The csv (comma separated values) format is a very common data format, and most data management programs have a way to export *.csv files. The csv format is simple, is not owned by anyone, and works across platforms. However, it can occasionally be tricky if you have commas in the middle of a variable like degree, with entries like ‘md, phd’ in a column that is mostly ‘md’. The read_csv function is pretty smart, and usually gets the number of columns right, but this is something to watch out for. Notice that read_csv had no problem with the dosing of vinegar (“two spoonfuls, three times a day”) in the scurvy dataset.

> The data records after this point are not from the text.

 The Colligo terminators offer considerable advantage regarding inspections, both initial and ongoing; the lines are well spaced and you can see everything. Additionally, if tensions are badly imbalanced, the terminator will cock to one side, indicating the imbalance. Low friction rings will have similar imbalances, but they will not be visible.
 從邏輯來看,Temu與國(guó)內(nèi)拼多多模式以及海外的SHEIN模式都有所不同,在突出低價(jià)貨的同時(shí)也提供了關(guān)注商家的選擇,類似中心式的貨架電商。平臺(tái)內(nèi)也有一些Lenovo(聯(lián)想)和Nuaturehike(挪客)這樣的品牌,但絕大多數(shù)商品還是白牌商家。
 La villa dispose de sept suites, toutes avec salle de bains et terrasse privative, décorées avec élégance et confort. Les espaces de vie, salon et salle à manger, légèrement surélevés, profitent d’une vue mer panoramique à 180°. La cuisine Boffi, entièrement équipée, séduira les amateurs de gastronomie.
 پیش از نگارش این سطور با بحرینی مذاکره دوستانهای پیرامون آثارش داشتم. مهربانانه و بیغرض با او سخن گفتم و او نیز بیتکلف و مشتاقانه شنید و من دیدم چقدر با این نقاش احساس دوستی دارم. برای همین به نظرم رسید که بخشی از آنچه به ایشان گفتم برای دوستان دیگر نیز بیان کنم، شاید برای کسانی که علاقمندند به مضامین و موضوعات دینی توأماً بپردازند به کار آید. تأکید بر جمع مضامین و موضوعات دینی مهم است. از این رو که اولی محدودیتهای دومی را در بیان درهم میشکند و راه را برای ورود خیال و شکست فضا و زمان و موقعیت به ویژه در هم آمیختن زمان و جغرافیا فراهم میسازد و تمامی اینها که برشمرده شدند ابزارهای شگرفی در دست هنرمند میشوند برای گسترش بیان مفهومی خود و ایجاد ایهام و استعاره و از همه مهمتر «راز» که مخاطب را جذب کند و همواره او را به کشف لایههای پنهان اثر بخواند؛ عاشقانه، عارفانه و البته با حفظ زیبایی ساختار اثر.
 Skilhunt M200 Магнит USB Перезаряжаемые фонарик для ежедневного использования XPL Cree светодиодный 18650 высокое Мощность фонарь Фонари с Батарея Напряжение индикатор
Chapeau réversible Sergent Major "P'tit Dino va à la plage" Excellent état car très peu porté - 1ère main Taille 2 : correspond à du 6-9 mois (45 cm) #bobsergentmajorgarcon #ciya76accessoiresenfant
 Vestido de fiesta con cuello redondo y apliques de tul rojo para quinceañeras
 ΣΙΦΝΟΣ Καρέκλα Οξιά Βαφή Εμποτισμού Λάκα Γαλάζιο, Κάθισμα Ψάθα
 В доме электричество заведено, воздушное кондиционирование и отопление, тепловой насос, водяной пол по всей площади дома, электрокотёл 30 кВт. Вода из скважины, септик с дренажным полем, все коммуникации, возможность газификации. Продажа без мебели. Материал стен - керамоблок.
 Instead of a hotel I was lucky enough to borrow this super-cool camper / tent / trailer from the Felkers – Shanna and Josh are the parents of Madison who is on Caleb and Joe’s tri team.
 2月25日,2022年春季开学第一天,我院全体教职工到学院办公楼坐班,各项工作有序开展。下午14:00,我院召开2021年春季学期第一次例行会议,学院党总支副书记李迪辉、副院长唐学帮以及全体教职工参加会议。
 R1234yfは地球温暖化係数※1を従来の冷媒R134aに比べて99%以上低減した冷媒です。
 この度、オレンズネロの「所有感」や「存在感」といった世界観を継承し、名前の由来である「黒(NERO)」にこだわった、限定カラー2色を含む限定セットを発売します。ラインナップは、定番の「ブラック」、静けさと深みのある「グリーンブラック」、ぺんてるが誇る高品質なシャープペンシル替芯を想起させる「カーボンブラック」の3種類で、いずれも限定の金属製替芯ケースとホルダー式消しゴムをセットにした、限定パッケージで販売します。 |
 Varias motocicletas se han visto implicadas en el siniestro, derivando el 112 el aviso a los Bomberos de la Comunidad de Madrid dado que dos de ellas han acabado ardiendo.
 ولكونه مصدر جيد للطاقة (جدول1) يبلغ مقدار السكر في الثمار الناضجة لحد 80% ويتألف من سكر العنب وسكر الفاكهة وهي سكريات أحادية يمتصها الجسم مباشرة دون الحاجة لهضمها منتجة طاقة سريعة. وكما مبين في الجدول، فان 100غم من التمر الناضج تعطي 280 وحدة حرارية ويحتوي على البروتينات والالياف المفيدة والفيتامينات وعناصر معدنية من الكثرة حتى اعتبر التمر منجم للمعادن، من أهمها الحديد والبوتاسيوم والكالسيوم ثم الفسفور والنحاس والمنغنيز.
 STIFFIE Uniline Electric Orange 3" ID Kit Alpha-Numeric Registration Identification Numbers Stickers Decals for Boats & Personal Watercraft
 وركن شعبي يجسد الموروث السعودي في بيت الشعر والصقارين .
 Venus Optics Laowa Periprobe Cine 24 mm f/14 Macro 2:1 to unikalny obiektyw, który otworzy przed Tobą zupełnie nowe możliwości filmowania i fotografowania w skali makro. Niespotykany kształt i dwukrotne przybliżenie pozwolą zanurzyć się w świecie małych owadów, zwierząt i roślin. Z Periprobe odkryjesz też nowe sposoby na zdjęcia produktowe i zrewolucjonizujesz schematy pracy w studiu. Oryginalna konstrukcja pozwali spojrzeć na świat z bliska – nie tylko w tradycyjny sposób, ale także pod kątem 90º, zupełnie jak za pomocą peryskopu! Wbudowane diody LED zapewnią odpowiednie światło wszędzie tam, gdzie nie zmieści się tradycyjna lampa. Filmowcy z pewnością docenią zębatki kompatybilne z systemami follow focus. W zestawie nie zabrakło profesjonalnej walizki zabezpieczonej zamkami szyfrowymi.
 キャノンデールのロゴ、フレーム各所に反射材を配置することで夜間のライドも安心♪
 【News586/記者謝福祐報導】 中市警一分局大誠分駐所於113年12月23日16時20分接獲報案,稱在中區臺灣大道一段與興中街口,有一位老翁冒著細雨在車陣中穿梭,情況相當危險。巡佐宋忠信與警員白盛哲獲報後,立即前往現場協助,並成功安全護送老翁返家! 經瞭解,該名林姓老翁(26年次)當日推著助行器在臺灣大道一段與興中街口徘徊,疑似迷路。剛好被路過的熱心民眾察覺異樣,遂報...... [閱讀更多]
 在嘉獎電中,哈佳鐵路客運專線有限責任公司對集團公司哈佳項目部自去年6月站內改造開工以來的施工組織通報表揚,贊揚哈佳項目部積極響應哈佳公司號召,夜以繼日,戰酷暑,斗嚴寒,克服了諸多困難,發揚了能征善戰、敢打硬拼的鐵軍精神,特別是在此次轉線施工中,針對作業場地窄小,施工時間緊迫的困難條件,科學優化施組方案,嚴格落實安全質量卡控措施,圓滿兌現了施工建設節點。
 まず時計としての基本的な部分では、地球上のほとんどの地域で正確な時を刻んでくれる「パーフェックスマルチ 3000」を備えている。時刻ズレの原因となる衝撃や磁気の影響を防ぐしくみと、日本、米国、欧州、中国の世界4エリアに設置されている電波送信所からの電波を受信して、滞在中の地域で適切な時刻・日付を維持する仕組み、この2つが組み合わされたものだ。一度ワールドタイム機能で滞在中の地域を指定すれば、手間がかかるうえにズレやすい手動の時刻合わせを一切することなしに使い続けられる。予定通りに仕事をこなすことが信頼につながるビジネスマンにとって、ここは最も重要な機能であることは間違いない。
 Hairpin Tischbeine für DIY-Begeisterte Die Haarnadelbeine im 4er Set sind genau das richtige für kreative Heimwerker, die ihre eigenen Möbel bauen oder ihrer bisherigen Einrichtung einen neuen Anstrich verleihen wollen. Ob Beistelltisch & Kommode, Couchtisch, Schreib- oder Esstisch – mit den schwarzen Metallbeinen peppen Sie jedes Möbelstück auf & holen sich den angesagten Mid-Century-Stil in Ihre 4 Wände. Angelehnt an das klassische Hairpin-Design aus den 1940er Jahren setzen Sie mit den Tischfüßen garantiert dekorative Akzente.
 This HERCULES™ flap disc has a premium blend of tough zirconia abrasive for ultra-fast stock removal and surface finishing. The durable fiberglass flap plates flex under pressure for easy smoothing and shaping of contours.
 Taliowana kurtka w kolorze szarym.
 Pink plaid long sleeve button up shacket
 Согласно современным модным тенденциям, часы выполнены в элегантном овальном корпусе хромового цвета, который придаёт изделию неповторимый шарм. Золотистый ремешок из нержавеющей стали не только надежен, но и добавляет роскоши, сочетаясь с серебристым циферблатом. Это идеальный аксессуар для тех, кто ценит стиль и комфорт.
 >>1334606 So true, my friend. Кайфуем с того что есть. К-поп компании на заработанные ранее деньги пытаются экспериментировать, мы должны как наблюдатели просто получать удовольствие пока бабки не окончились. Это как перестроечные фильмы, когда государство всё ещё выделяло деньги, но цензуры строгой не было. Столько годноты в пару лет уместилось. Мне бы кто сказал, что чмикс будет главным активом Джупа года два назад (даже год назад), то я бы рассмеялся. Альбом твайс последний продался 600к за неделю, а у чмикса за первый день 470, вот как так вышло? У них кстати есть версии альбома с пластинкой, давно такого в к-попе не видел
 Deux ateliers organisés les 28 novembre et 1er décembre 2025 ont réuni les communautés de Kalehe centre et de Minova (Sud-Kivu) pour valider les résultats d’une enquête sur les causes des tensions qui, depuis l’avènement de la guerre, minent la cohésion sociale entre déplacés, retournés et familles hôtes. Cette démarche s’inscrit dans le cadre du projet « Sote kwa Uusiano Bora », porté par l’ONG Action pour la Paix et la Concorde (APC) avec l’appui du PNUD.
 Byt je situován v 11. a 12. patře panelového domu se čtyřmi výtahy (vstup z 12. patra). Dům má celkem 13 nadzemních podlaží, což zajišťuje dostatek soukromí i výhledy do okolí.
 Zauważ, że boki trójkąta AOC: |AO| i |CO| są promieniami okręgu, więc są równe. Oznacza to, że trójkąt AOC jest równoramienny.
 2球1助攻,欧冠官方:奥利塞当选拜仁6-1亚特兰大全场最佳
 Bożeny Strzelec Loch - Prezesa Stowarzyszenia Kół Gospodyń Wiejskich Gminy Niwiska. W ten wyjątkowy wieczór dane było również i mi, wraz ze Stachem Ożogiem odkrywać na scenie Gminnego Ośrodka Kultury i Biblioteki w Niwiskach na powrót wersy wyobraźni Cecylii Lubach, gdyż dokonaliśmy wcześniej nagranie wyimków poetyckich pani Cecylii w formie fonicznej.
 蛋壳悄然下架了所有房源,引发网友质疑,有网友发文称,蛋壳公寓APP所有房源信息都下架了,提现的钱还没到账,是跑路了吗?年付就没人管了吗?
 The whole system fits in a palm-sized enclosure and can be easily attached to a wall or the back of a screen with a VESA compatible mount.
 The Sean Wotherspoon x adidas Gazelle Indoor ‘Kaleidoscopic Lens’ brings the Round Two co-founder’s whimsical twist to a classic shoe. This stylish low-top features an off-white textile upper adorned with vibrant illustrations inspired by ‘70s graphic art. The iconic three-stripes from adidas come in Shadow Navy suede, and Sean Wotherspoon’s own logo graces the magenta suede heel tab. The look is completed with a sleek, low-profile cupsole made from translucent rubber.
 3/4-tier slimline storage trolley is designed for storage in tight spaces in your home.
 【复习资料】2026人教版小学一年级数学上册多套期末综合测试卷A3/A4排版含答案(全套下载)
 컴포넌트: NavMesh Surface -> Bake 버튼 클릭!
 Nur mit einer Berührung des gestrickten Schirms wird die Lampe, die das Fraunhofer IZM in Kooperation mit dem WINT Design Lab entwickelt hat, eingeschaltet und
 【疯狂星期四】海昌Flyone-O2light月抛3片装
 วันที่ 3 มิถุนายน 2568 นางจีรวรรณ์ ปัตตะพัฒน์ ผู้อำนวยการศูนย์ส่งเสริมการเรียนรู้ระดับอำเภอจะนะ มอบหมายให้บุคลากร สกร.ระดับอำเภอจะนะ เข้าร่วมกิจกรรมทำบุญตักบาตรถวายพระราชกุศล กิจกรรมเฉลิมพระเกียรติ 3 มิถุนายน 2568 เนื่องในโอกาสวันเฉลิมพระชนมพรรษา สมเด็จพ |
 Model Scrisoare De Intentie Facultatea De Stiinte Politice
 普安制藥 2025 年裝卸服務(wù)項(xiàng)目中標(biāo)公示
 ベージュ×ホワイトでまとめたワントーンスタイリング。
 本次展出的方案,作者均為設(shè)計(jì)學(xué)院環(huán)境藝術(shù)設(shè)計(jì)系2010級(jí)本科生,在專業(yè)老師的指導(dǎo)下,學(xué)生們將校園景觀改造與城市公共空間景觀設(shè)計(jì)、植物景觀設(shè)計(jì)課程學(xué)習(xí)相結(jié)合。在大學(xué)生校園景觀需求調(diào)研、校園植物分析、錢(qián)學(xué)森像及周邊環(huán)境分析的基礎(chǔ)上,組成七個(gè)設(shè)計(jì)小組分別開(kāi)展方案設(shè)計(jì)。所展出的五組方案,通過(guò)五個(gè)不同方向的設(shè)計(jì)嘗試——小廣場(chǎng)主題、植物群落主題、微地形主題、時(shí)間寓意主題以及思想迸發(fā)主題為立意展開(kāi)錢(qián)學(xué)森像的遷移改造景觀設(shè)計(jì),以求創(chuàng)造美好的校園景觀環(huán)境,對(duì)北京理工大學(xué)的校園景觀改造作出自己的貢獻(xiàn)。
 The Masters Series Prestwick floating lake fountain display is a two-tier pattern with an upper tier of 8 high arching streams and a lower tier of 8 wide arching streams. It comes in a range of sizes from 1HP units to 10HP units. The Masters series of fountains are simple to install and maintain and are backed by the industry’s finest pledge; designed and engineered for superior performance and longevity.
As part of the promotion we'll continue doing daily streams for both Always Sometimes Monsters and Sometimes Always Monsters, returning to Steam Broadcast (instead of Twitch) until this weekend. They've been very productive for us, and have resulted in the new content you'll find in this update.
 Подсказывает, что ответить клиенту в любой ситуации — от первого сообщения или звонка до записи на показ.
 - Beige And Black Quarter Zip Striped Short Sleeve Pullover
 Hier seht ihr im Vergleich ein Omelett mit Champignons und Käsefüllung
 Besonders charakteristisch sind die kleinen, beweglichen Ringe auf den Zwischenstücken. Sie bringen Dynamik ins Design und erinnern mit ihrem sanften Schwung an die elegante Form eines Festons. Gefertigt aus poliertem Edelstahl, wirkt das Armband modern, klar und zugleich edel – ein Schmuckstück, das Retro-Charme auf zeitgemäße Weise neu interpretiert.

If you happen to come across a tab-separated values file, read_tsv() works the same way. Both of these functions have reasonable defaults, so that most of the time, you just have to use the path to your file (usually on your hard drive, rather than on the web) as the only argument. On occasion, though, you will want to take control of some of the other arguments, and use something other than the defaults.

5.1.2 What is a path?

A path is the trail through the folders in your hard drive (or on the web) that the computer needs to follow to find a particupar file. Paths can look something like:

  • C:/Documents/Rcode/my_file.R
  • ~/User/Documents/Rcode/my_file.R

and can get pretty complicated to keep track of. One particularly nice feature of Projects in RStudio is that the project directory is always your home, or root directory. You can make your life easier by using the {here} package, which memorizes the path to your project, so you can just write here(my_file.R), and not have to worry about making a typo in a long path name.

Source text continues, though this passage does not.